Thursday, August 9, 2012

A Tasty Geezer: The Piglets: "Johnny Reggae"


When I was sixteen or so, I read my first Bronte novel; it was, inevitably, Wuthering Heights.  The edition I (and all my fellow students at White Oaks) had wasn’t the Penguin edition but the US one, bought at the start of the year in the office where they sold books in high school.  It looked like this.  The reason I mention it isn’t because I liked the novel (I struggled with Joseph’s dialect and had to work at the novel’s structure, even though a convenient family tree was part of the introduction) but because of what was said about the author.  Especially what her sister, Charlotte, said about her* : “Stronger than a man, simpler than a child, her nature stood alone.”  Well, I thought, that’s an odd thing to say about someone who has written something so complex; but Emily’s general stoical nature (I seem to remember, but can’t find, something about her removing a nail or tooth or some such thing from her skin with utter calm) appealed to me.  And so did the instruction of Patrick Bronte, to Mrs.
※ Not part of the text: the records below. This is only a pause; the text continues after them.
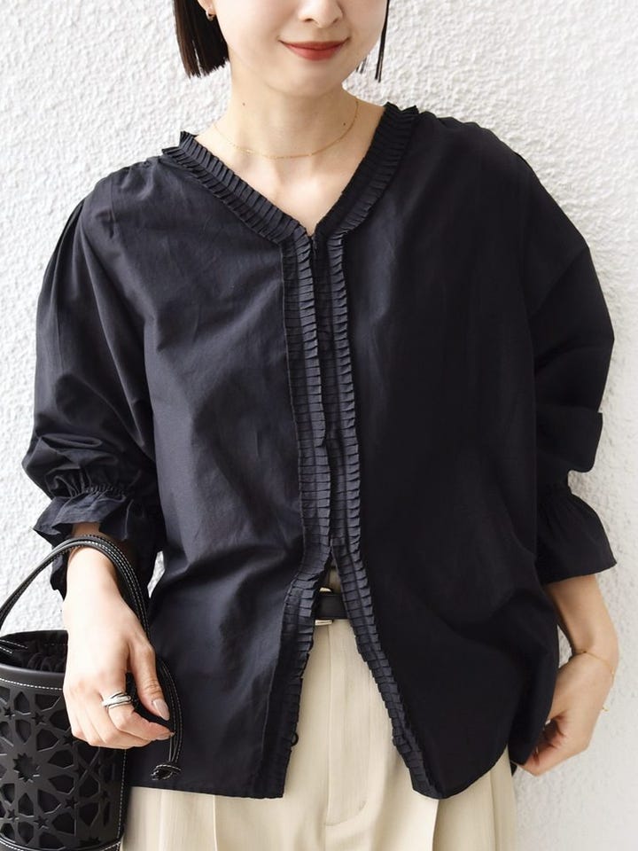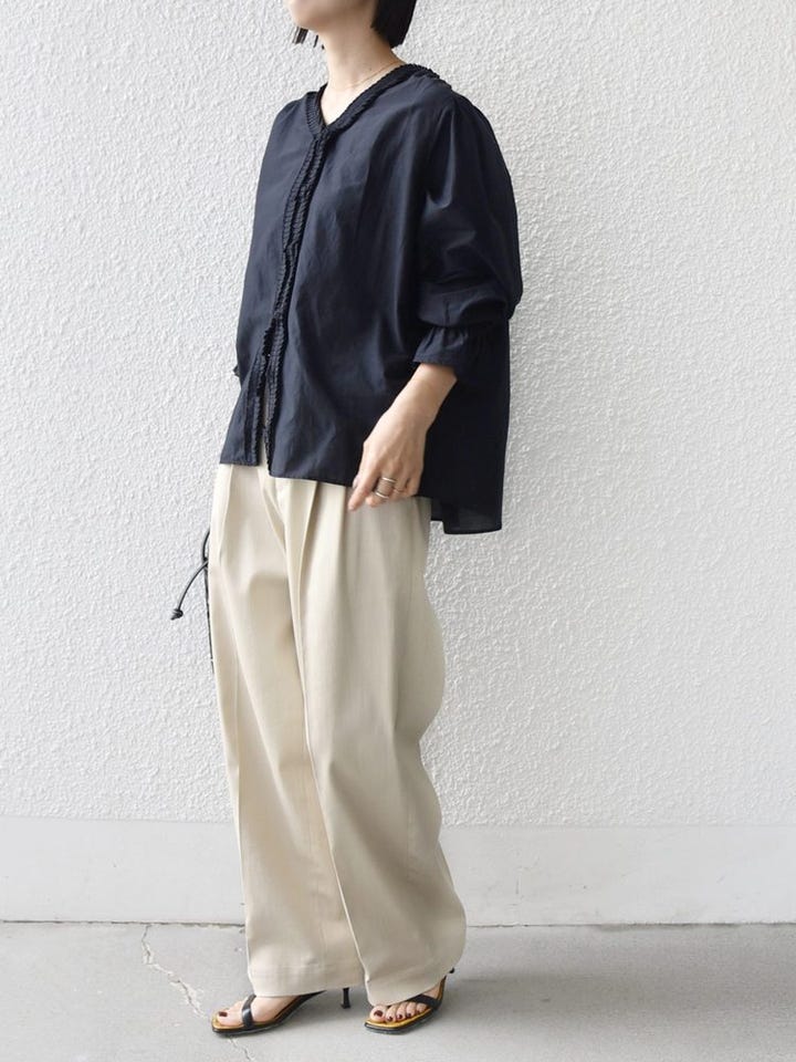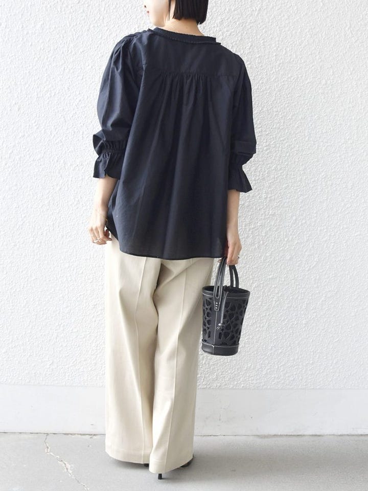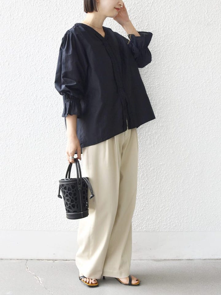 着心地:さらっとしていて軽い着心地です。Vネックで首元がスッキリ見えるので、甘くなりすぎず大人の女性にぴったりの一枚です。
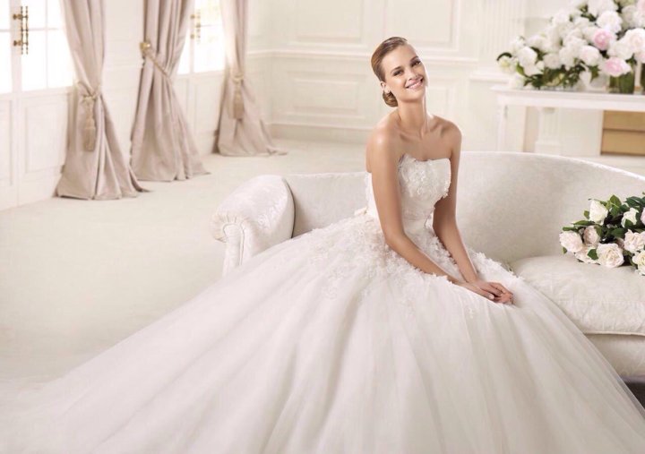 Бальное платье — это то, что вы представляете, когда думаете о свадебном платье принцессы: обтягивающий корсаж, вероятно, без бретелек, и пышная пышная юбка.
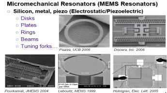Для частот менее 200 МГц используются управляемые электростатически консольные балки прямоугольные или в виде планарного гребенчатого конденсатора. Благодаря механической компоненте размеры резонаторов невелики.
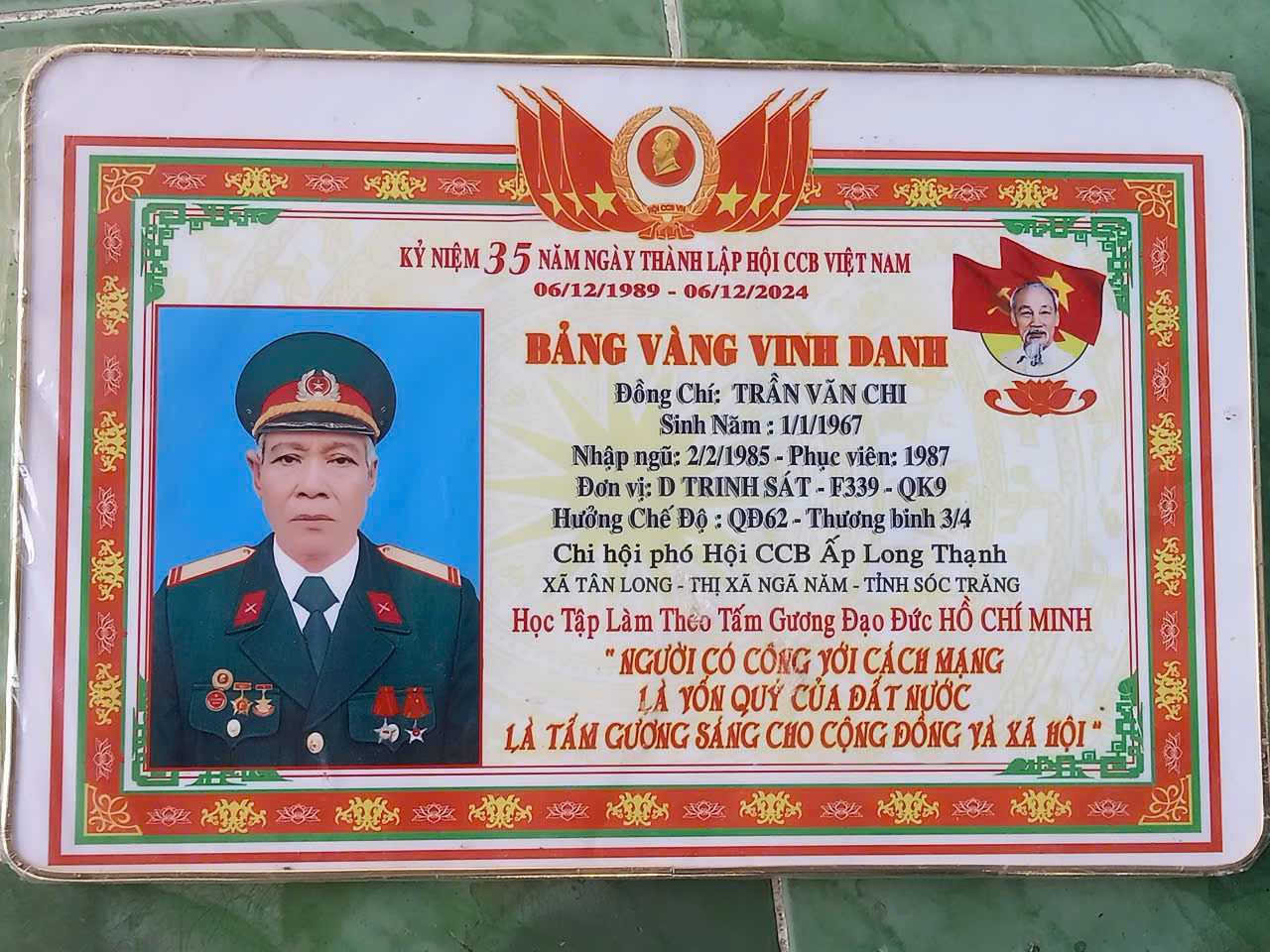 Ông Trần Văn Chi, Chi hội Phó Cựu chiến binh ấp Long Thành, là thương binh 3/4, từng tham gia chiến đấu và phục viên năm 1987. Trở về đời thường với một chân bị mất, song ông vẫn giữ vững phẩm chất “Bộ đội Cụ Hồ”, không khuất phục khó khăn, luôn nêu gương sáng trong cuộc sống và công tác. Với tinh thần vượt khó, đồng chí đã mạnh dạn xây dựng mô hình nuôi lươn thương phẩm, mỗi năm cho lợi nhuận trên 250 triệu đồng, trở thành điển hình trong phong trào “Hội viên Cựu chiến binh giúp nhau phát triển kinh tế, giảm nghèo bền vững”.
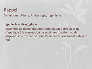 Le document traite de l'ingénierie andragogique, une méthodologie pour concevoir des dispositifs de formation adaptés aux adultes, en prenant en compte leurs besoins spécifiques et expériences. Il aborde les étapes clés du processus de formation, incluant l'analyse des besoins, la conception, la réalisation et l'évaluation des formations. Enfin, il souligne l'importance de personnaliser les stratégies de formation pour garantir une efficacité pédagogique.
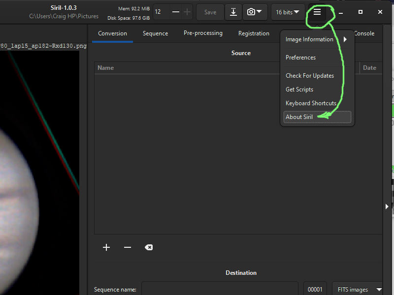 To get version info, just click the “options” menu (3 horizontal lines stacked) close to the upper right corner, then click “About Siril”
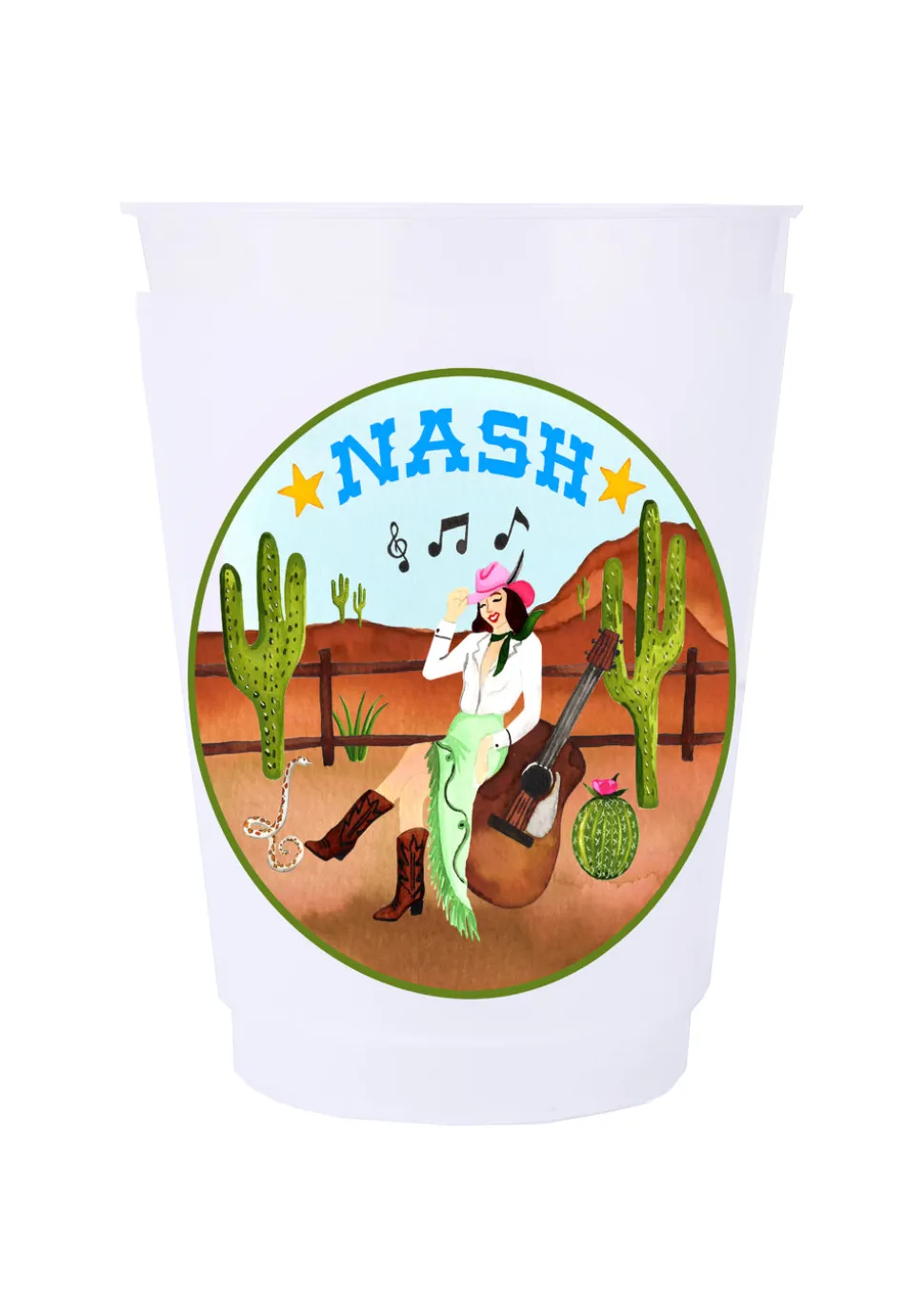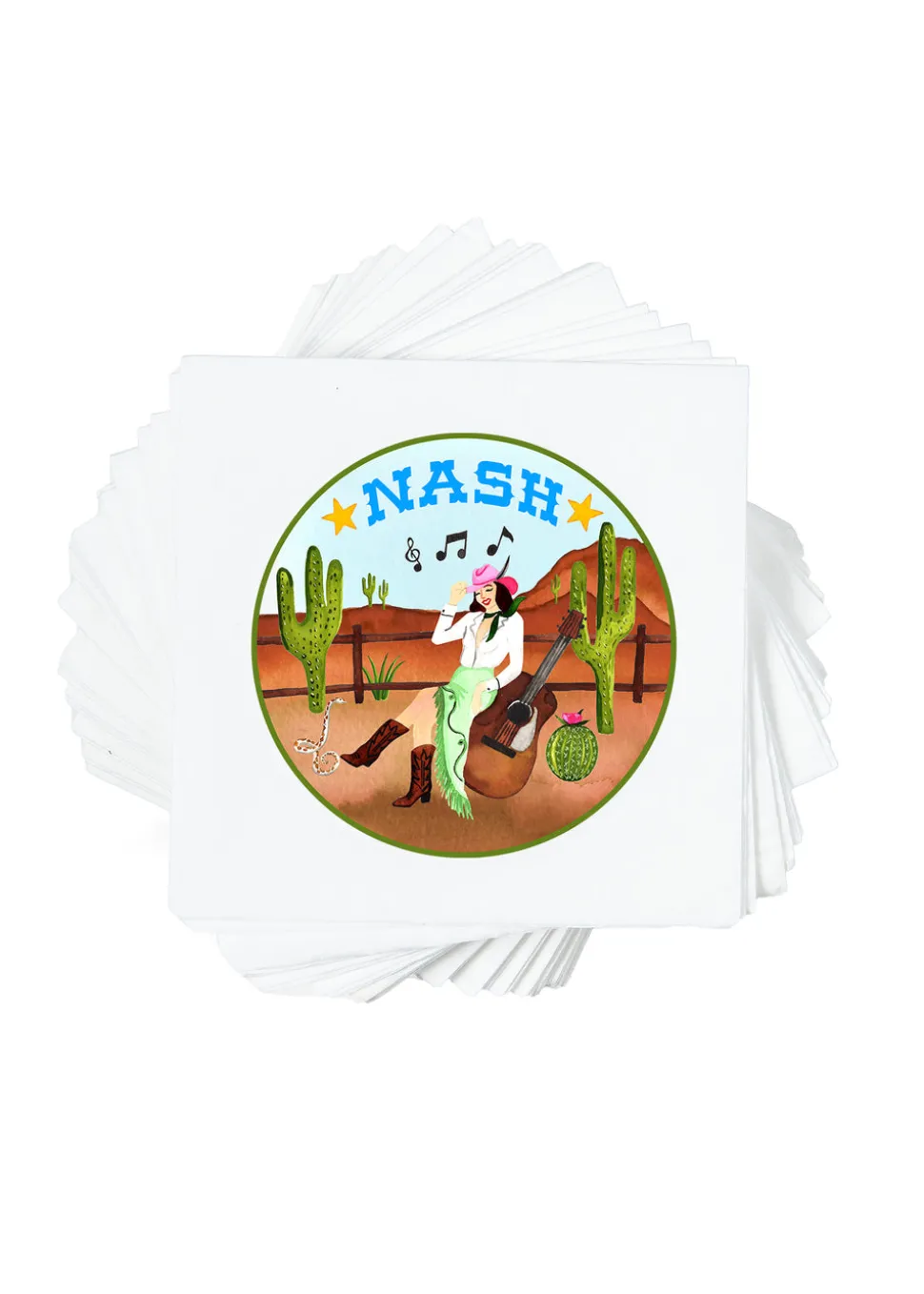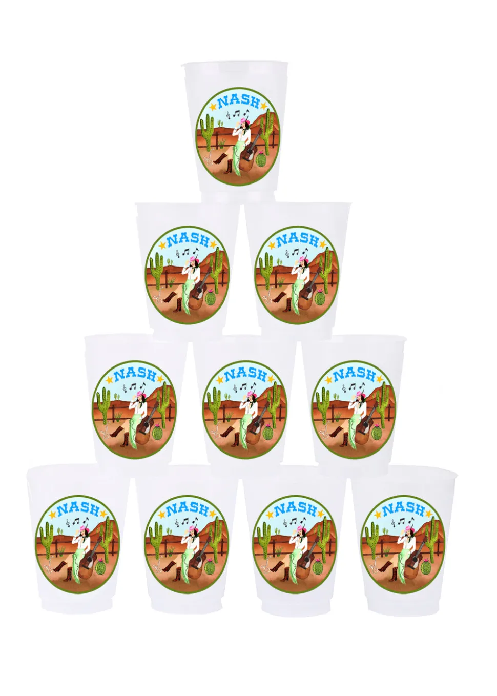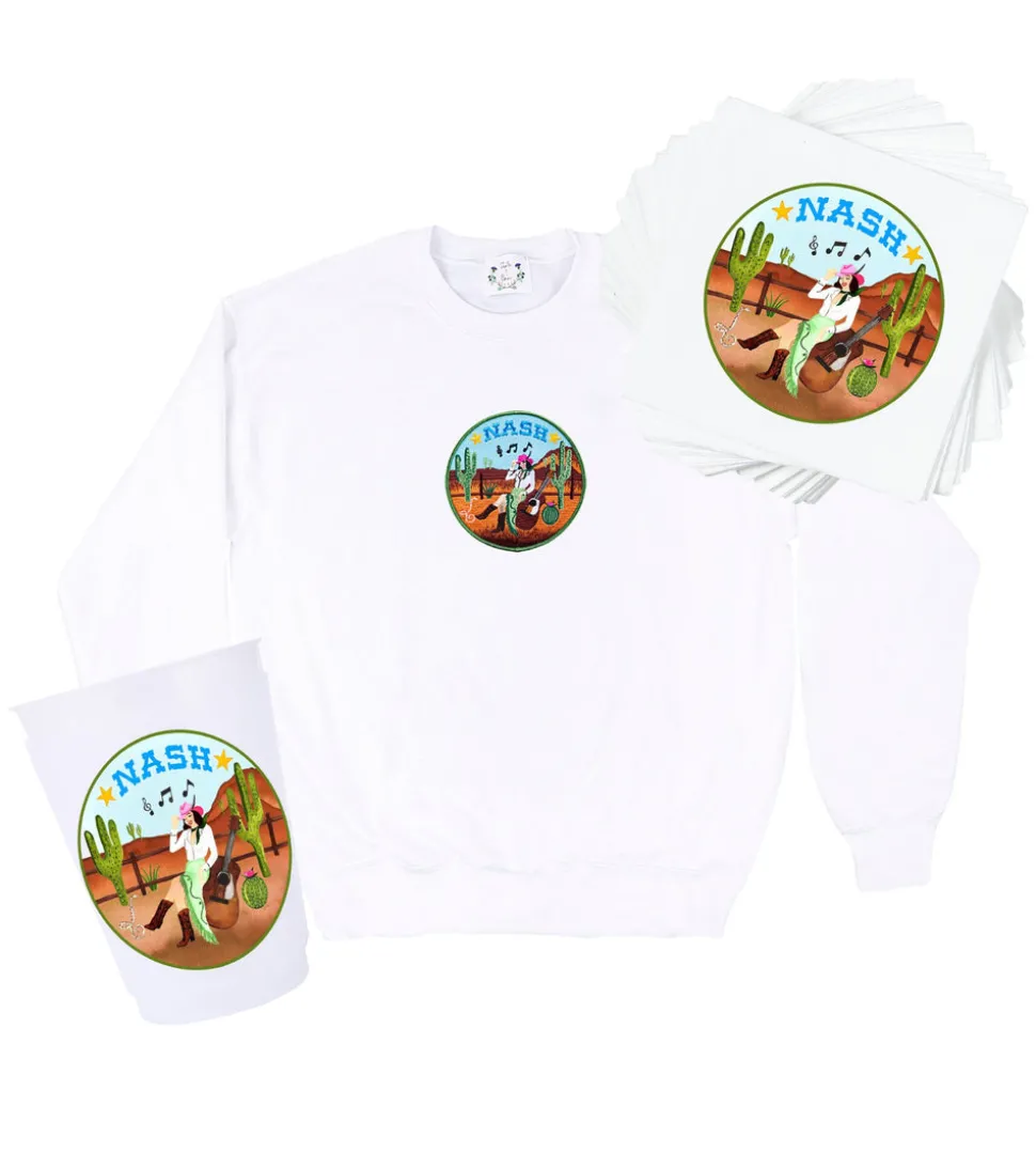 Launched in 2020 by Alexandra Pijut, Thistle and Briar Studio was born of her lifelong love of art and the desire to create hand-painted, whimsical designs for clients to cherish. Elevate your wedding, bachelorette, or special event with a personalized crest that is certain to leave a lasting impression. This exclusive Over The Moon x Thistle and Briar Studio crest features a Western landscape with a cowgirl and her guitar. Accented with cacti, a snake, and grasses, this crest is perfect for a Western-themed bachelorette with all your belles. Personalize this design with your destination, which will stand out on these cups, cocktail napkins, and patch sweatshirts. Now it’s your party.

Gaskell, on her writing about Charlotte – “No quailing, no drawing back!”

And so it is with this blog – some might want me to draw back from writing about certain people, certain songs, and while a few – a very few – I am avoiding for my own sanity, the rest I can and will write about.  Indeed, I would be cheating myself if I skipped anything, especially since the very things that some might object to I didn’t hear in the US; and they are part of UK pop culture, whether UK pop culture is willing to admit this, or not.  Some might object to my writing about Jonathan King – in this case, about his smash hit “Johnny Reggae” (an NME #2) – and some others just might feel a little…uneasy.  All things considered, I can understand that; to this day, I have noticed, for instance, that chart shows (radio shows that go through charts of the past – Pick of the Pops, Double Top Twenty, etc.) always conveniently swerve around or contrive to avoid King’s works; I am not sure if this is a legal matter, a matter of taste, or something of the two combined.  As a man with a criminal past – of a sexual nature – I am not sure if the radio silence is some odd kind of shunning, a continuing punishment. 

We are in the depths of something here, dear readers, that goes beyond the Void and into some kind of re-writing of history, as if songs like “Johnny Reggae” never happened in the first place, where the industry that King thrived in for a long time suddenly turned on him, in a way that looks a bit scapegoatish to me.  That he did time for terrible things is well-known; but then Phil Spector and Joe Meek’s productions still get played, and they both murdered someone, something far worse than what King did.  To an outsider like me, this is unfair; something like an aesthetic as well as a legal judgement has been wrought.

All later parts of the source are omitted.